Avenor Rural Bank’s investment up

The total investment of the Avenor Rural Bank has increased from 32.10 per cent from GH¢3,986,226.00 in 2015 to GH¢5,265,712.00 in 2016, greatly improving the bank’s liquidity and reserve requirements.

The Bank’s total assets also increased from GH¢11,311,838.00 in 2015 to GH¢12,051,490.00 in 2016, an increment of 6.54 per cent, propelled mainly from growth in deposits.

Mr Simon Nerro Davor, the Board Chairman of the Bank, said this at the Bank’s 34th Annual General Meeting held at Akatsi.

He said it recorded a total deposit increase from GH¢9,050,477.00 in 2015 to GH¢ 9,723,345.00 in 2016, representing 7.43 per cent jump, with savings deposits accounting for 50 per cent.

Mr Davor said the Bank’s share equity also went up from GH¢1,317,727.00 to GH¢1,609,888.00 due to enhanced profits and additional share contributions but registered a negative profit before tax of 24.75 per cent from GH¢322,482.00 to GH¢242,653.00.

The Board Chairman blamed the decline in profits to high increase in operational costs and “bad and doubtful debts” apart from costs regarding ICT.

He said gross advances also marked a 1.45 per cent decline from GH¢5,599,529.00 in 2015 to GH¢5,518,234.00 in 2016, which was because the bank strategically slowed down on general advance portfolios to concentrate on small scale entrepreneurs like market women and artisans.

Mr Davor said the Bank met all regulatory and supervisory requirements including the minimum capital, capital adequacy ratio and reserve requirements in the year and appealed to shareholders to increase their holdings.

He said the Bank was focusing on customer service, staff training and development of IT operations, with greater emphasis on risk management and cost control.

Ms Francisca Dedei Attipoe, Deputy Head, Human Capital Development, ARB Apex Bank, who represented the Apex Bank’s Managing Director, applauded the Avenor Rural Bank for maintaining a “satisfactory performance and prudent management of resources.”

She asked the Bank to, among others, slow down on loans and advances, control cost and develop new products to ably contend the stiff competitions from micro-finance companies and universal banks.  
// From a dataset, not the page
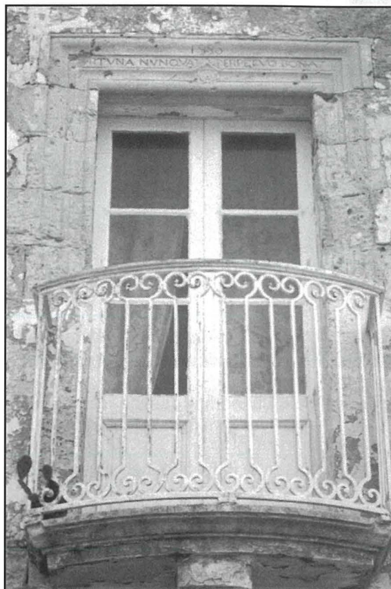
Il-gallerija fi Pjazza Mesquita fl-Imdina li wkoll fiha skriżżjoni bħal dawk imsemmija li jinsabu f'Birkirkara u fi bnadi oħra ta' Malta u barra.

Ms Attipoe said only 47 out of 141 Rural and Community Banks (RCBs) complied by the GH¢1 million minimum capital requirements by Bank of Ghana by March this year and urged the others to avoid the regulatory sanctions by December 2017 and called on RCBs to take issues of governance, risk and compliance seriously to remain buoyant.

She decried high fraud levels in RCBs and asked them to submit monthly fraud returns to the Bank of Ghana and the Apex Bank for publication of names of deviant staffs to weed out the bad ones and safeguard the industry.

Mr Sylvester Torku, the General Manager, Avenor Rural Bank, told the GNA that his focus was to intensify deposit mobilization, loan recovery, strengthen the Bank’s marketing department, introduce new products and repackage old and existing ones such as micro-finance and ‘susu’.   

The meeting endorsed a Board decision to transfer GH¢454,000.00 from the Income Surplus Account to Stated Capital to enable the Bank meet the Bank of Ghana GH¢1 million Stated Capital Requirement on RCBs.

A GH¢0.0055 per share dividend, totalling GH¢83,291.70 was approved and two new persons were voted to fill vacancies on the Board.